От небывалого везения у меня ослабли ноги и закружилась голова.

Котлет я съел штук семь. Съел бы и больше, но вспомнил, как у меня развилась крапивница, когда я объелся пельменей на голодный желудок.

После съеденных котлет мне так сильно захотелось спать, что не было никаких сил подниматься со стула, и я, положив голову на руки, так и уснул за столом в комнате раздачи пищи бациллярного отделения противотуберкулезного диспансера.

– Слышь-слышь? – кто-то потрепал меня за плечо.

Я открыл глаза, поднял голову и посмотрел на плечо. На плече была татуированная синими перстнями рука. От неожиданности я вскочил, как ошпаренный и, схватив стул, на котором сидел, за спинку, приготовился отбиваться, еще не до конца сообразив, где я нахожусь.

Унылый и тусклый свет сорокаваттной лампочки, освещавший помещение больно резанул по глазам, появилась уже знакомая головная боль, возникающая от резкого пробуждения и недосыпания.

Меня разбудил один из больных, который находился в одной палате с тяжёлым лежачим больным.

– Тихо! Свои, в натуре! – испуганно прошипел он, опасаясь, что я, с перепугу и спросонья, ударю его стулом.

– Чего тебе надо? – спросил я, постепенно соображая где я нахожусь.

– Там это…, Бабай «отпоте́л», короче… – сказал он и продолжил, – у тебя курить есть?

– Нету! – ответил я. – Иди спи!

– А с Бабаём что? – спросил он.

– С каким Бабаём?

– Ну с Бабаяном…

Я стал понимать, что он говорит про своего соседа по палате по фамилии Бабаян. Про того самого тяжёлого лежачего больного, которого надо повернуть, для профилактики пролежней и застойных явлений в лёгких.

– А что с ним? – спросил я, окончательно проснувшись.

– Отпоте́л он!

– В смысле?

– Ну, забара́нился…

– Блин! Я тебя не понимаю. Говори по-русски!

– Да, помер он, похоже!

Констатация

– Бабай помер, похоже… – сказал разбудивший меня больной.

Сказал он это так просто, обыденно, как будто говорил о перегоревшей лампочке в туалете.

– Как…, помер??? – растерялся я.

– Иди, сам посмотри.

«Ё-моё… – подумал я и посмотрел на часы».

Часы показывали 01:22.

– Что теперь делать? – судорожно соображая, вслух спросил я сам себя.

– Курить есть? – снова спросил меня больной.

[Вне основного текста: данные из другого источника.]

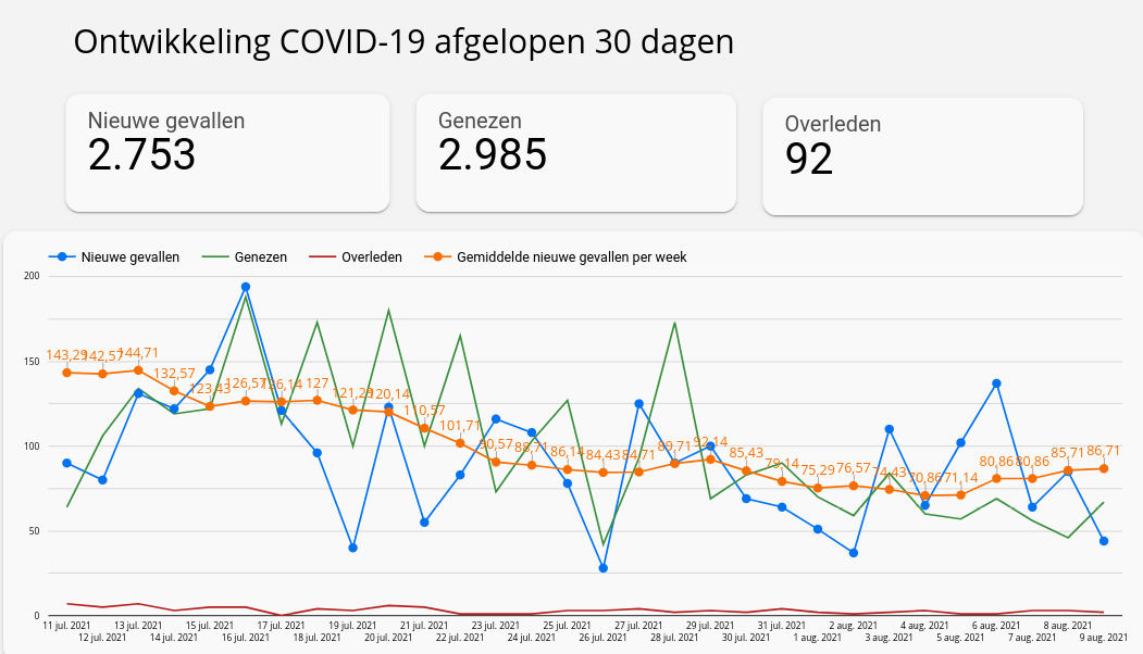 692 Personen zich maandag 9 augustus nog in isolatie.

– Отстань ты, со своим «курить»! – с раздражением сказал я и направился в палату, где был покойник. – Человек умер, а ты – «курить»!

Констатировать смерть мне еще ни разу в жизни не приходилось, хотя на тот момент от меня этого и не требовалось, так как я был трудоустроен всего лишь санитаром. Поэтому, я решил сначала посмотреть, что с больным, а потом уже позвонить в соседнее отделение и узнать, что мне делать.

Палата была двухместной. Я вошёл и присмотрелся. Тусклый свет больничного коридорного светильника, скудно вычерчивал нехитрый быт палаты туботделения – грязно-коричневый потёртый линолеум на полу, окно без штор, тумбочка, с покосившейся дверцей, табуретка, две кровати. На правой кровати, укрытый с головой тонким одеялом, лежал человек. Он лежал на левом боку, согнув ноги в коленях и подтянув их к животу. Я подошёл и откинул одеяло с его головы.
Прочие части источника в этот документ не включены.